On February 19, 2002, the ZEVALIN (Ibritumomab tiuxetan) therapeutic regimen was approved by the U.S. Food and Drug Administration (FDA) for the treatment of patients with relapsed or refractory low grade, follicular or transformed B-cell non Hodgkin's lymphoma (NHL), including patients with rituximab (RITUXAN) refractory follicular non-Hodgkin's lymphoma. Determination of the effectiveness of ZEVALIN in a relapsed or refractory patient population is based on overall response rates. The effects of ZEVALIN on survival are not known. Radioimmunotherapy offers an option to patients with certain types of B-cell non-Hodgkin's lymphoma who have failed to adequately respond to other cancer therapies.

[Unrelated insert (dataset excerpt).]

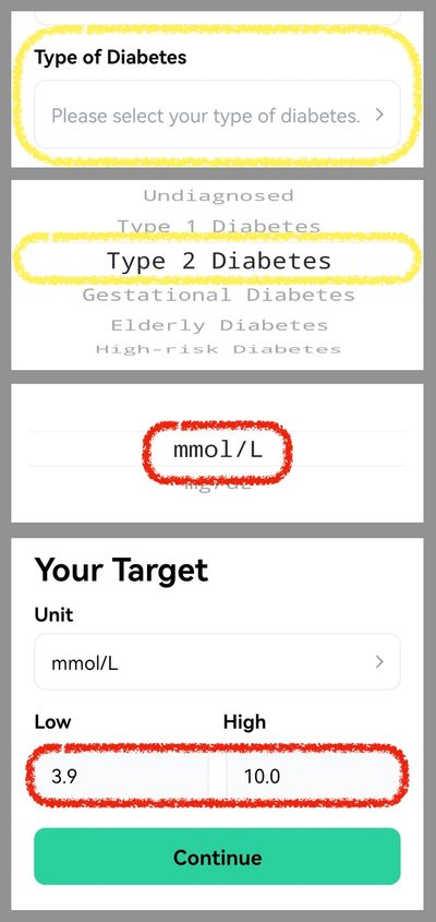 - 選擇糖尿病類型(如圖):沒有糖尿病,一型糖尿糖,二型糖尿或妊娠糖尿
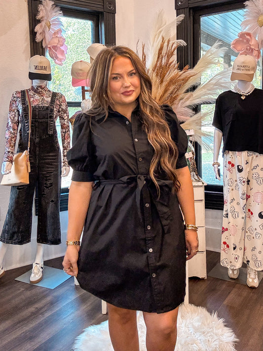 Black Button Up Tie Waist Puff Sleeve Mini Dress

The ZEVALIN therapeutic regimen combines a monoclonal antibody with a radioisotope. The monoclonal antibody in ZEVALIN recognizes and attaches to a particular cell-surface protein on B-cells called the CD20 antigen. This allows ZEVALIN to specifically target B-cells, destroying malignant NHL B-cells and also normal B-cells.
About Biogen Idec
Biogen Idec creates new standards of care in oncology, neurology and immunology. As a global leader in the development, manufacturing, and commercialization of novel therapies, Biogen Idec transforms scientific discoveries into advances in human healthcare. For ZEVALIN product labeling, press releases and additional information about the company, please visit www.biogenidec.com.
Biogen Idec Safe Harbor
This press release contains forward-looking statements regarding ZEVALIN as a treatment for various indications. These statements are based on the companies' current beliefs and expectation. Drug development involves a high degree of risk. Factors which could cause actual results to differ materially from the companies' current expectations include: the risk that unexpected concerns may arise from additional data or analysis, that regulatory authorities may require additional information, further studies, or may fail to approve the drug, or that the company may encounter other unexpected hurdles. For more detailed information on the risks and uncertainties associated with Biogen Idec's drug development and other activities, see the periodic reports of Biogen Idec Inc. filed with the Securities and Exchange Commission. Biogen Idec assumes no obligation to update any forward-looking statements, whether as a result of new information, future events or otherwise.